- [The problem] Your answer should be an exact copy of the lines from the one holding "Réalisez un modèle" to the end of the material below, pictures left out.

- [Provided information]
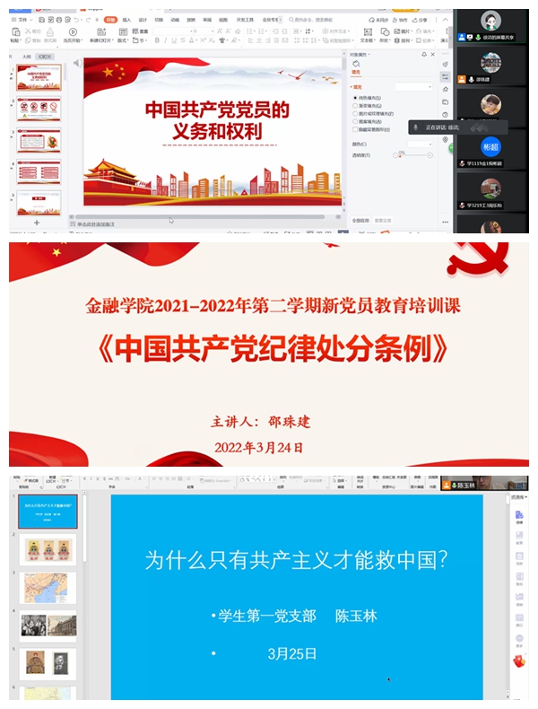 本次培训采取专题课堂和自我学习相结合的形式进行。陈静作了题为“践行核心价值观,同心共筑中国梦”的主题课程,她强调新党员应该在践行社会主义核心价值观的时代大潮中,奋发向上,努力拼搏,为实现中华民族伟大复兴的中国梦而奋斗;李勇带领同志们学习了《中国共产党支部工作条例(试行)》,他强调党支部是党的基础组织,是党在社会基层组织中的战斗堡垒,是党的全部工作和战斗力的基础;王亚男对《中国共产党党员教育管理工作条例》进行了讲解,她表示《条例》是新时代党员教育管理工作的基本遵循;郭夕熙为同志们讲述了预备党员不可不知的党史,深入探讨了开展党史学习教育的重要性,她强调要坚持不懈把党史学习作为必修课、常修课;王丽作了题为“端正入党动机,正确对待入党问题”的主题课程,她提出要加深对共产主义事业和共产党的深刻认识,不断强化入党动机;许静作了题为“增强四个意识,坚定四个自信,做到两个维护”的主题课程,她强调党员要不断提升理论素养和党性修养;徐洁讲解了中国共产党员的义务和权利,她强调党员在充分履行好义务的同时,要正确行使好党员的权利;邵珠建讲解了《中国共产党纪律处分条例》,他提出党员要增强纪律意识,严格要求自己,充分发挥先锋模范带头作用;陈玉林针对“为什么只有共产主义才能救中国”这一问题,从历史的角度进行了深入的剖析,他表示新党员要传承红色基因,赓续红色血脉。专题课堂结束后,党员同志们自行学习了灯塔大课堂第二十八课和“学习强国——红色中国”等内容。
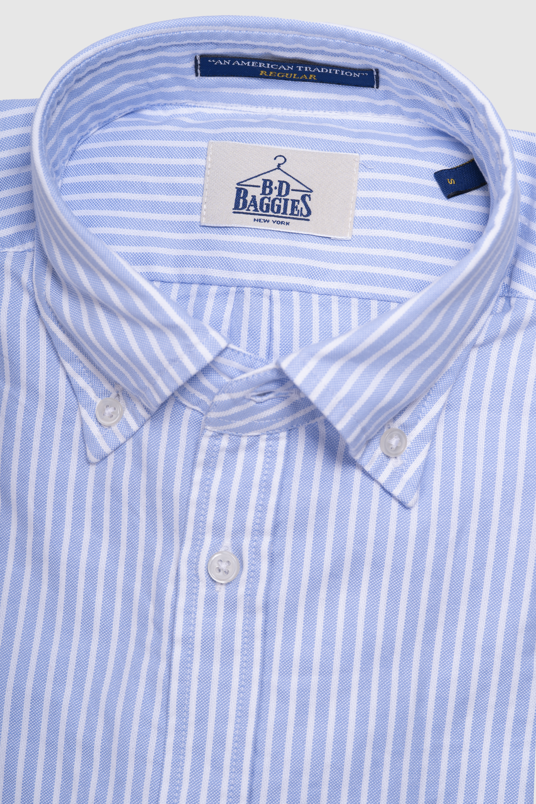 Camisa de  algodón 100%, botón denim en el cuello, regular fit.
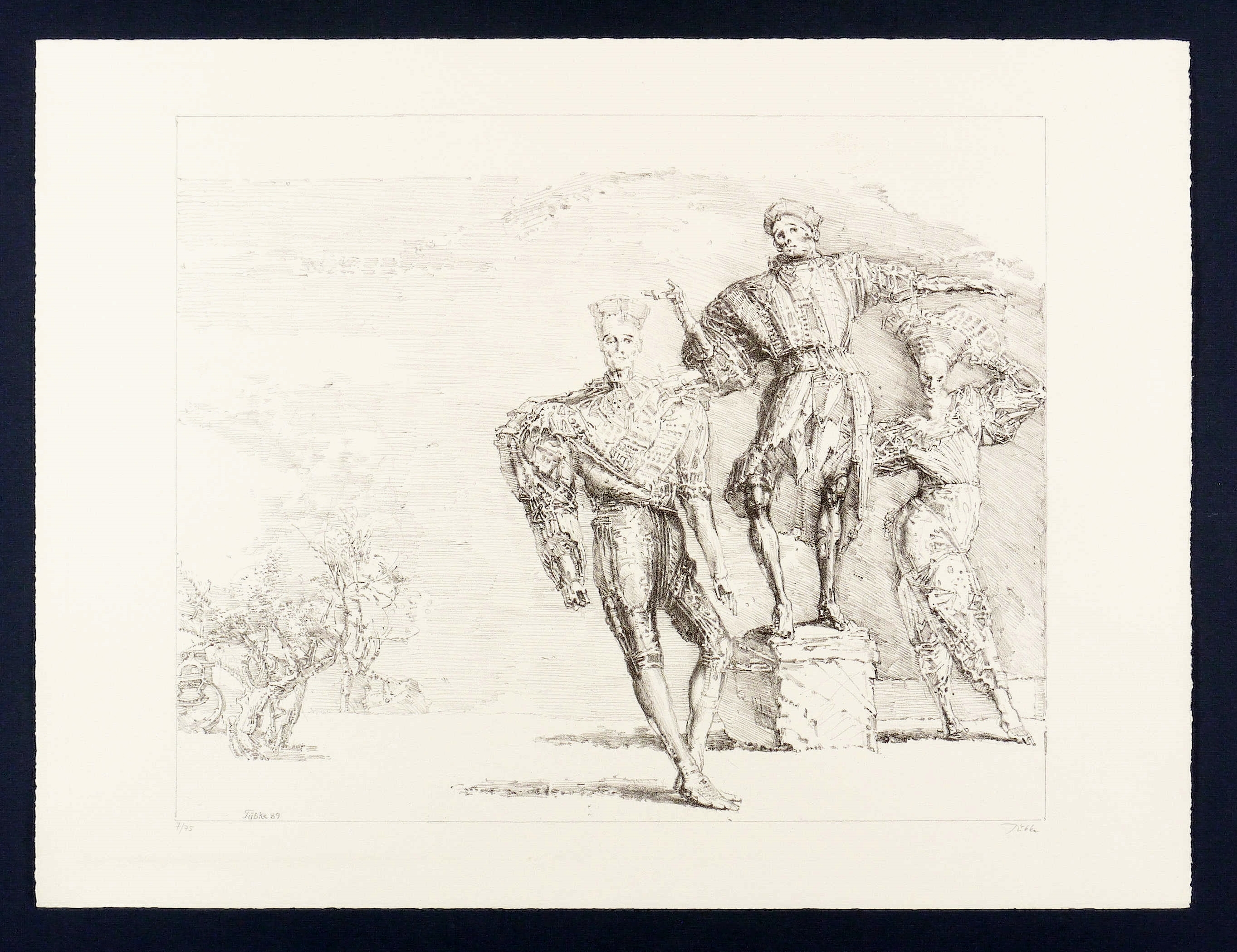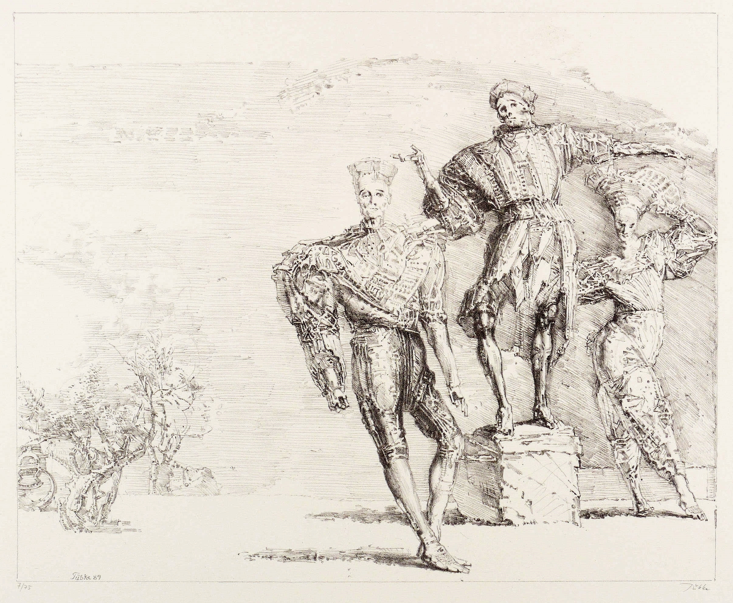 1989. Lithografie / Kreidelithografie, in Schwarz, auf hellchamois Hahnemühle-Bütten. – Von Werner Tübke. – Auflage Exemplar Nr. 7/75. – 32,3 x 39,8 cm (Darstellung), 40 x 53 cm (Blatt).
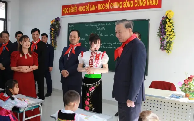 Phát biểu tại buổi lễ, Tổng Bí thư Tô Lâm nhấn mạnh đây là ngôi trường đầu tiên trong chương trình xây dựng 248 trường nội trú liên cấp tại các xã biên giới, thể hiện sự quan tâm sâu sắc của Đảng và Nhà nước đối với giáo dục vùng đồng bào dân tộc thiểu số, miền núi và biên giới.
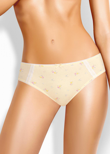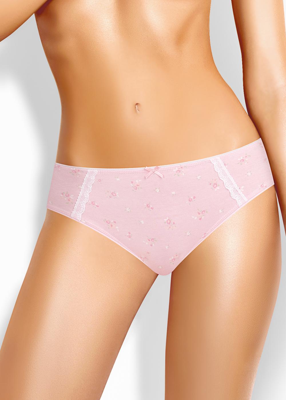"Описание: Трусы бикини женские из эластичного хлопкового полотна. Обработка краев по талии и ноге - резинка с кантом. По переду вставки из узкого кружева, атласный бант.
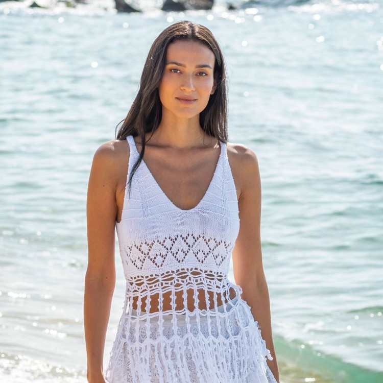 Réalisez un modèle original pour la saison chaude en fil fair cotton de Katia. Le top se réalise au tricot et au crochet.
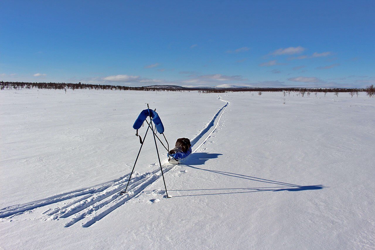 Rankan ylämäen jälkeen tunsin itseni todella tyhmäksi. Kun pysähdyin lepäämään, mieleeni juolahti vilkaista ahkion pohjaa. Siellä oli lunta ja jäätä, jotka nyt raaputin pois. Heti alkoi luistaa normaaliin malliin.

- [Exercise answer]
 Réalisez un modèle original pour la saison chaude en fil fair cotton de Katia. Le top se réalise au tricot et au crochet.
 Rankan ylämäen jälkeen tunsin itseni todella tyhmäksi. Kun pysähdyin lepäämään, mieleeni juolahti vilkaista ahkion pohjaa. Siellä oli lunta ja jäätä, jotka nyt raaputin pois. Heti alkoi luistaa normaaliin malliin.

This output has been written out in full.